#### What is expected:
Exactly reproduce the lines of the listing below from the one containing "The GlossyEnd Nice" through the one containing "كبسولات نباتية فيتامين". Skip the images.

#### Records for the task:
BEGIN

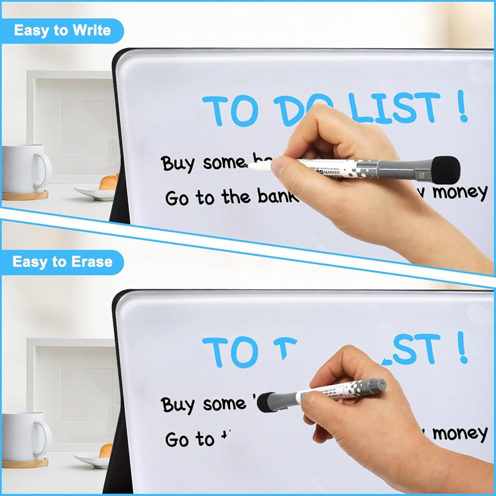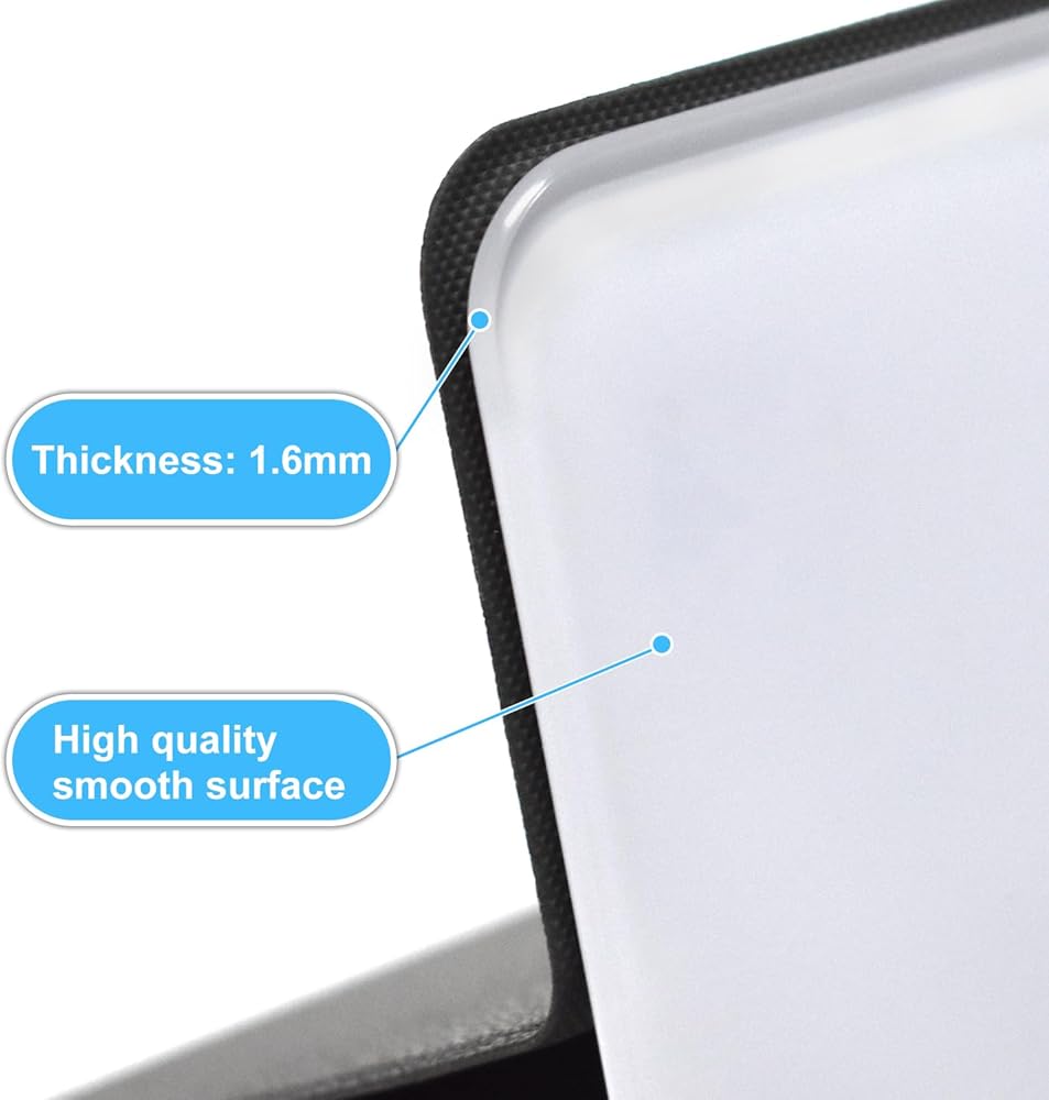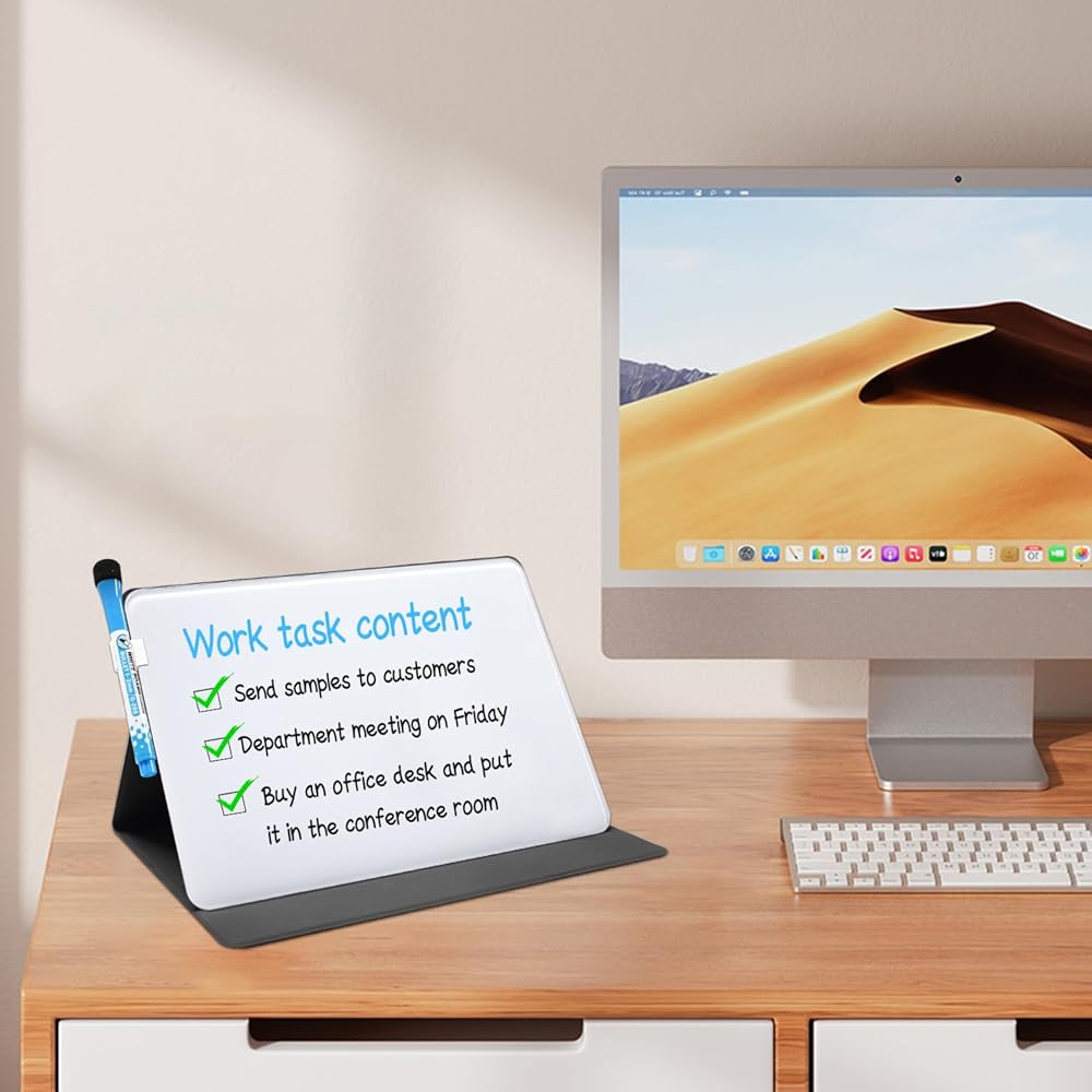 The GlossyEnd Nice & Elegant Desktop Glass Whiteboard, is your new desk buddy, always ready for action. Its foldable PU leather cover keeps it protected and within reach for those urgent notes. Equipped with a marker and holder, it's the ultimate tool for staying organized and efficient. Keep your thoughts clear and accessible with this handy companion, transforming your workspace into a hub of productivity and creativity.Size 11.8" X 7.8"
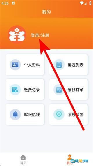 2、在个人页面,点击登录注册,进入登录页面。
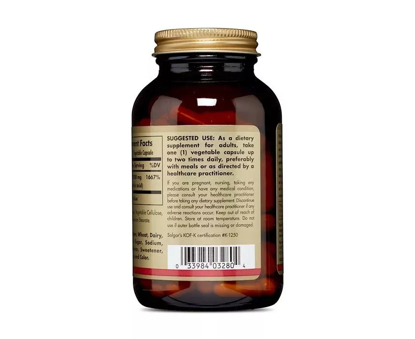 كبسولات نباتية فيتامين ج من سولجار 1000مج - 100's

END
BEGIN

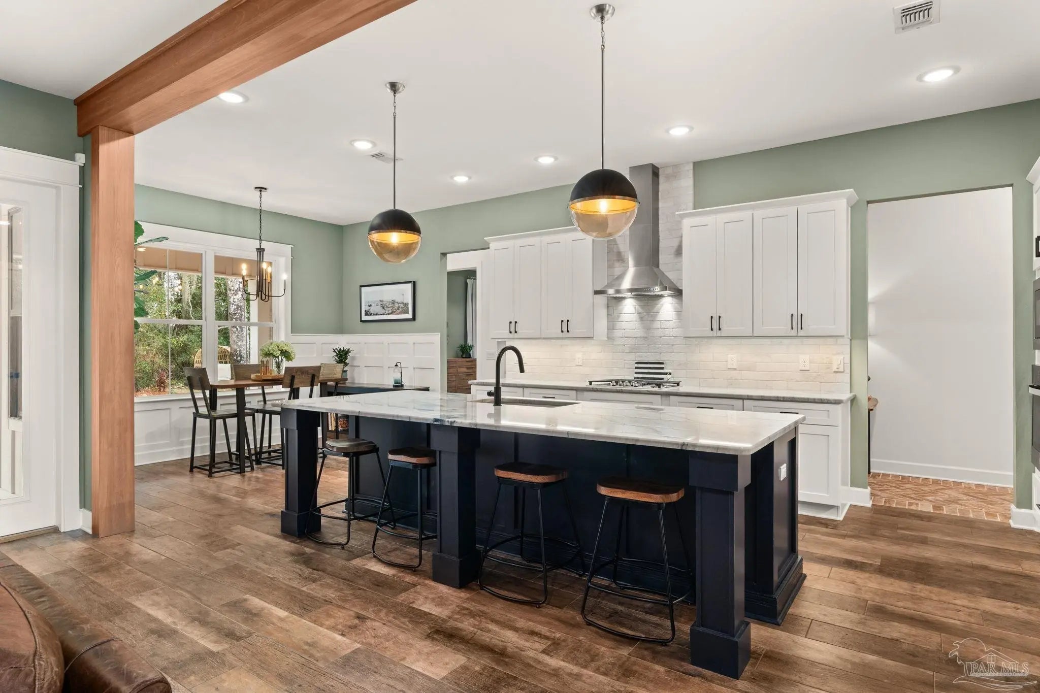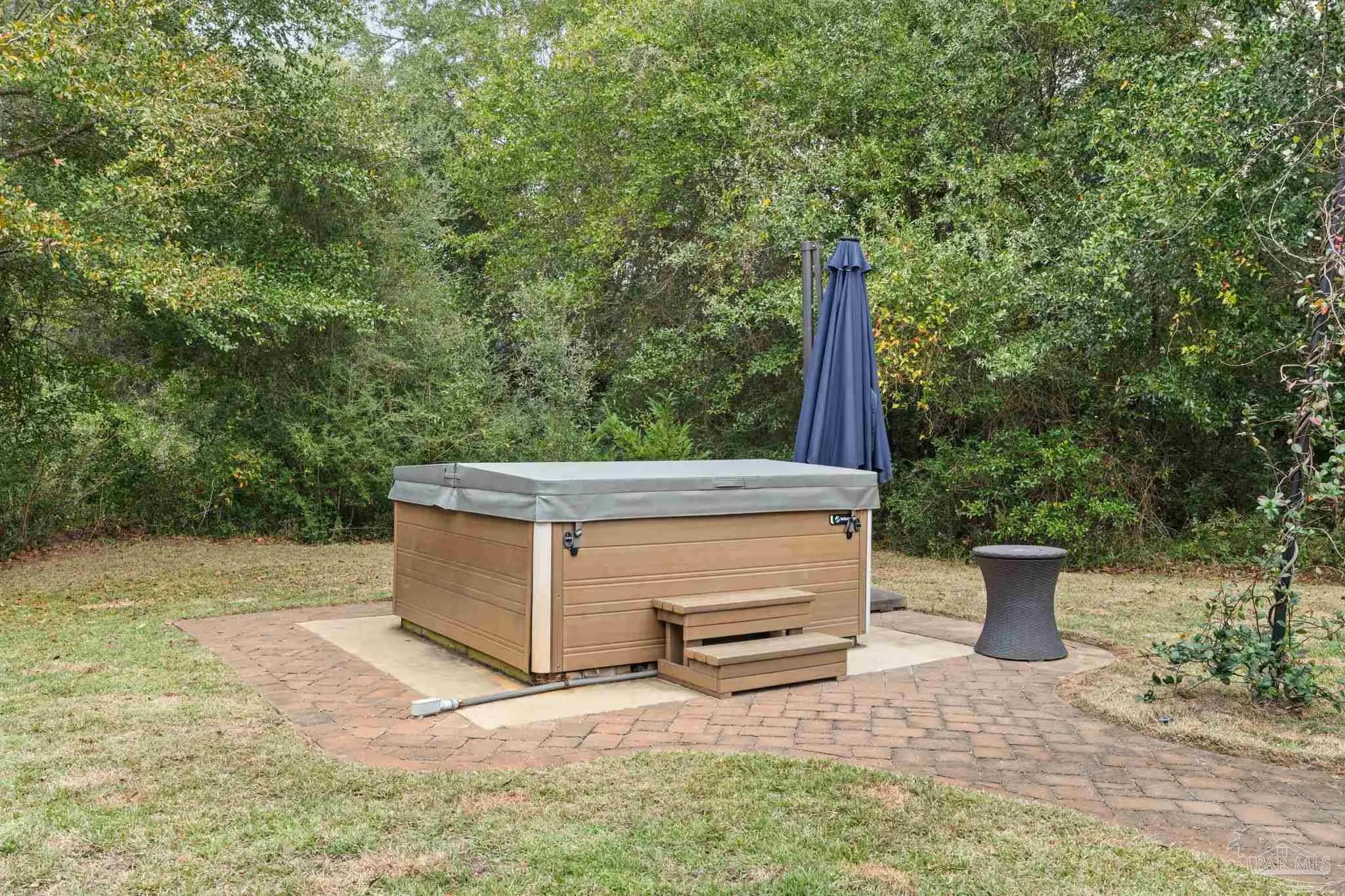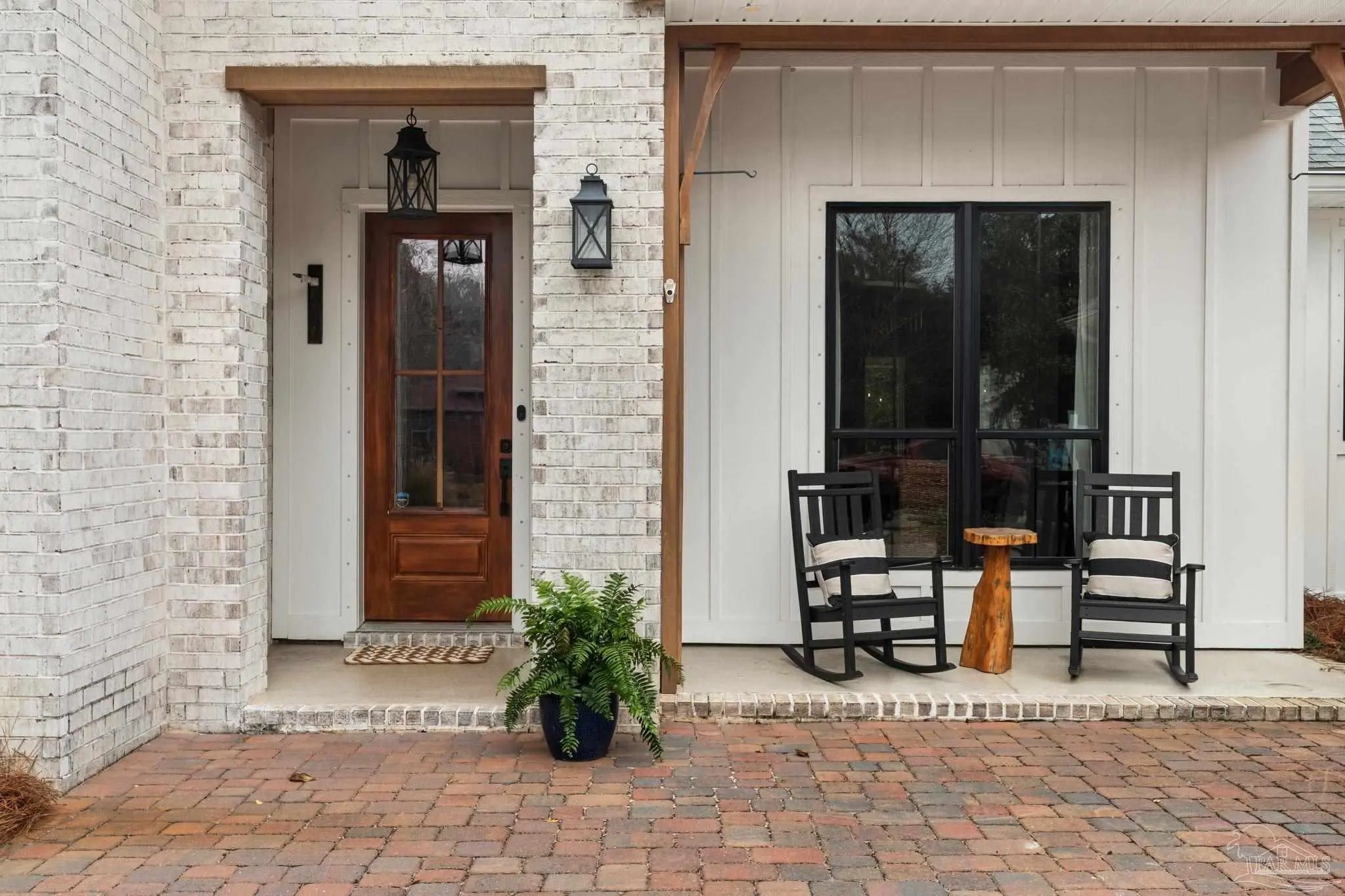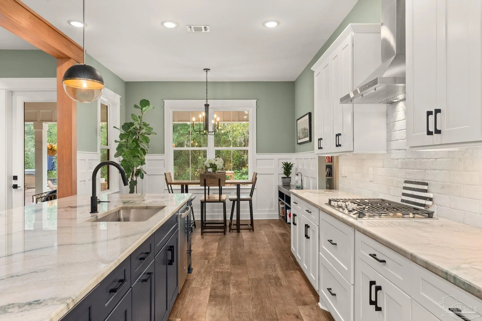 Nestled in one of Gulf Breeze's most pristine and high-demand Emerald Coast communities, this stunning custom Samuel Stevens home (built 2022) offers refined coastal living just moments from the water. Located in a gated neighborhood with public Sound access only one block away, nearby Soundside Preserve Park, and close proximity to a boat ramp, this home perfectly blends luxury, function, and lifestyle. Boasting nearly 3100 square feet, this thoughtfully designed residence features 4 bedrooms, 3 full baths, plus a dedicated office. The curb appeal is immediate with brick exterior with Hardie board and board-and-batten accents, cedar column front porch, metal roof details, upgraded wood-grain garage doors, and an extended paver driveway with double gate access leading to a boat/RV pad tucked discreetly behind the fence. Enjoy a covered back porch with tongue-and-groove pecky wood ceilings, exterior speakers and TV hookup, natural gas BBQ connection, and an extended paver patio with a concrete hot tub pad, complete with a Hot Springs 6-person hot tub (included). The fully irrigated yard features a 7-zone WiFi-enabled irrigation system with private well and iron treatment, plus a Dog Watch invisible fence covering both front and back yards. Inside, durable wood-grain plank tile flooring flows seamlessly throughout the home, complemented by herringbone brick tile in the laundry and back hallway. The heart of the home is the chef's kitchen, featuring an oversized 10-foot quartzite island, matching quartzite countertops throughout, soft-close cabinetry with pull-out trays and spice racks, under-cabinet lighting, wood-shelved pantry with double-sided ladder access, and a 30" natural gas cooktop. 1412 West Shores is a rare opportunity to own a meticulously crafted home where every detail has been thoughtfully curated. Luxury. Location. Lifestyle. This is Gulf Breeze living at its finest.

END

#### Reply:
 The GlossyEnd Nice & Elegant Desktop Glass Whiteboard, is your new desk buddy, always ready for action. Its foldable PU leather cover keeps it protected and within reach for those urgent notes. Equipped with a marker and holder, it's the ultimate tool for staying organized and efficient. Keep your thoughts clear and accessible with this handy companion, transforming your workspace into a hub of productivity and creativity.Size 11.8" X 7.8"
 2、在个人页面,点击登录注册,进入登录页面。
 كبسولات نباتية فيتامين ج من سولجار 1000مج - 100's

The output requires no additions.